Significant regression coefficients with their standard deviation (SD) values of the test cross scores on total marker heterozygosity (a) and on individual chromosomes marker heterozygosity (b) for the indicated traits and crosses

(a)
Trait	RILs × Ler (b ± SD)		RILs × Col (b ± SD)		High parent (P)
TL	0.015 ± 0.007		—		Ler
RLFL	0.011 ± 0.005		—		Col
RS26	0.193 ± 0.072		—		Col
RSFL	0.156 ± 0.078		—		Col
HFL	0.362 ± 0.149		—		Col
H35	1.077 ± 0.385		—		Col
H45	—		0.62 ± 0.286		Col
(b)
Trait	Cross	Chr1 (b ± SD)	Chr2 (b ± SD)	Chr3 (b ± SD)	Chr4 (b ± SD)	Chr5 (b ± SD)
RL26	RILs × Col	—	0.041 ± 0.02*	—	—	—
RLFL	RILs × Ler	—	—	—	—	0.028 ± 0.011
RS26	RILs × Ler	—	0.537 ± 0.020*	—	—	—
RS36	RILs × Ler	—	0.643 ± 0.281*	—	—	—
RSFL	RILs × Ler	—	0.833 ± 0.206*	—	—	—
CL26	RILs × Col	—	—	—	0.129 ± 0.052*	—
DF	RILs × Col	—	—	—	0.071 ± 0.034*	—
	RILs × Ler	0.052 ± 0.024	—	—	—	—
BFL	RILs × Col	—	—	0.065 ± 0.033	—	—
HFL	RILs × Col	—	0.721 ± 0.290*	—	—	—
	RILs × Ler	—	1.758 ± 0.384*	—	—	—
H35	RILs × Col	—	2.447 ± 1.213*	—	—	—
	RILs × Ler	—	3.982 ± 1.047*	—	—	—
H45	RILs × Col	—	1.773 ± 1.495*	—	—	—
	RILs × Ler	—	5.848 ± 1.495*	—	—	—
LL45	RILs × Ler	—	0.507 ± 0.137*	—	—	—
LW45	RILs × Col	—	—	—	—	0.094 ± 0.038
	RILs × Ler	—	0.091 ± 0.043*	—	—	—
Ma	RILs × Ler	0.081 ± 0.03*	—	—	—	—

R²-values, which are between 15 and 20%, are not shown.

^*indicates the presence of a QTL on a particular chromosome.

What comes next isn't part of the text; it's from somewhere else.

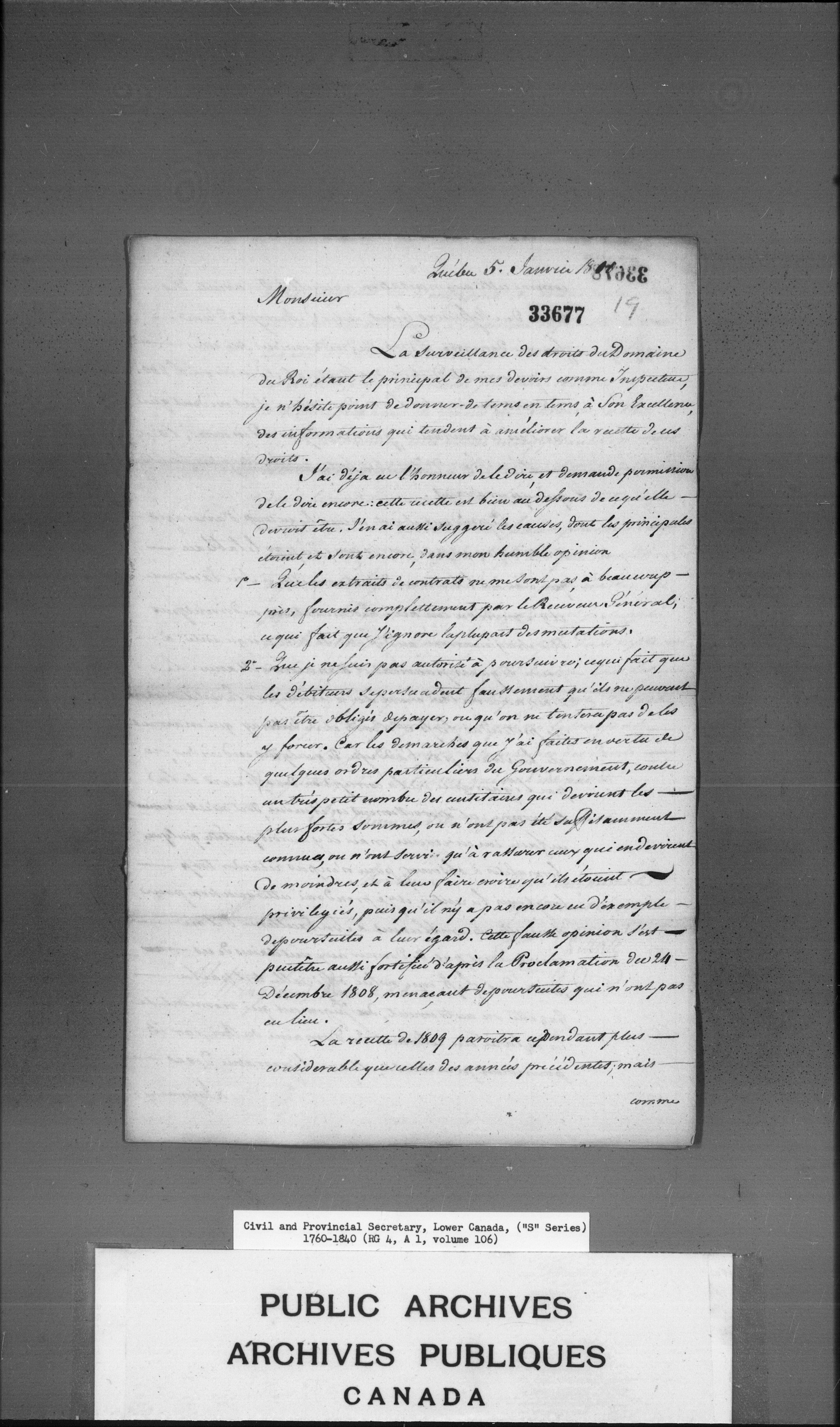 Civil Secretary's correspondence : A 1 - S Series : Quebec and Lower Canada : C-3195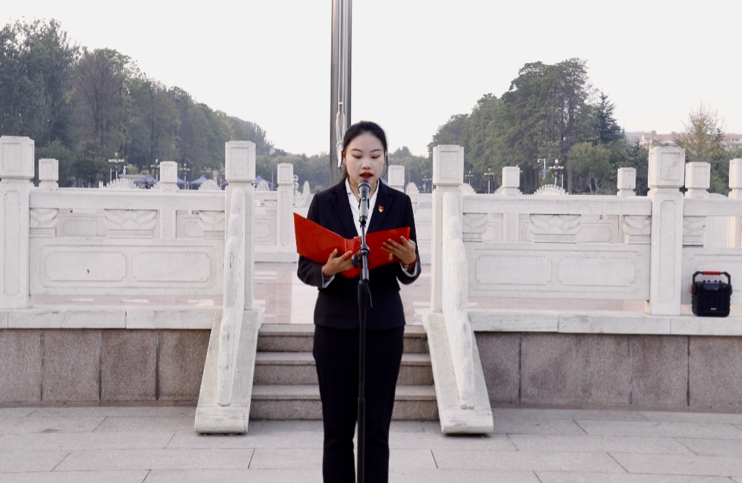 六点二十,国旗护卫队以昂扬的姿态、坚定有力的步伐,护卫着鲜艳的国旗迈向升旗台。伴随着庄严的国歌,五星红旗冉冉升起,迎风飘扬。现场师生向国旗致以庄严的注目礼,深情表达对伟大祖国的热爱。

Distribution of Col and Ler regions in the RIL population

We estimated the proportion (percentage) of Col and Ler genotype (marker intervals) regions among the selected RILs. Interestingly, each RIL used in this study had approximately 51% of the genome from Col and 49% of that from Ler in the marker genotypes analyzed in each of the five chromosomes (data not shown). Ideally, the proportion should be 50–50. Indeed, χ²-test showed that it is not significantly different from a 1:1 ratio, suggesting that the original population of RILs derived from the two parents represented a random sample of lines through single-seed descent, hence exhibiting a random distribution of recombination events for each parent. However, individual RILs had significant differences in Col and Ler regions in their genotypes and heterozygosity generated in crosses with the two parents, Col and Ler.

RILs × Col crosses

The weight of heterozygosity on each chromosome was estimated for all the RILs showing positive high F₁ hybrid performance for each trait. The total (mean) weight of heterozygosity in each chromosome was then transformed into cM by multiplying with 5.86 (see Materials and methods). The difference in total heterozygosity between low- and high-performing crosses for the majority of traits, except LL45 and LW 45, is relatively small. Heterozygosity levels in individual chromosomes of the high-performing crosses for traits RS36, CLFL, DF, BFL, H35, LL45, LW45 and Ma (Table 4) were slightly higher than that of low-performing crosses, indicating that heterozygosity in individual chromosomes bearing QTLs was more important than the total heterozygosity. In most cases (Table 4), the chromosomes bearing QTLs had a much higher level of heterozygosity in the high-performing crosses than in the low-performing crosses. For example, the mean heterozygosity for RS26, H35, HFL and H45 in better-performing pooled crosses was much higher than in the low-performing crosses. However, for many other traits, such as RSFL, CLFL and BFL, there was no significant difference in mean heterozygosity between the high- and low-performing pooled crosses. Furthermore, the highest heterozygosity in a chromosomal region is not necessarily associated with a QTL. The highest mean heterozygosity (pooled crosses) for H45 was found in chromosome 5; however, two QTLs for H45 were located in chromosomes 1 and 2 (data not shown).

RILs × Ler crosses

The RILs × Ler crosses exhibited patterns of phenotypic variation similar to that of RILs × Col crosses (Tables 2 and 3). After pooling high- and low-performing crosses for each trait, 13 out of the 16 traits showed high levels in total heterozygosity (in cM). In general, the difference in total heterozygosity between high- and low-performing crosses in RILs × Ler hybrids was higher than that in RILs × Col hybrids. Within the RILs × Ler lines, the difference between low- and high-performing crosses can be as high as 139 cM (eg for RS26). High-performing RILs × Ler hybrids had much higher levels of heterozygosity than the low-performing crosses in individual chromosomes. For example, chromosomes bearing QTLs for RLFL, RS26, CLFL, BFL, HFL and H45 had higher levels of heterozygosity in high-performing than low-performing F₁s. This difference in RILs × Ler hybrids was much larger than in RILs × Col hybrids.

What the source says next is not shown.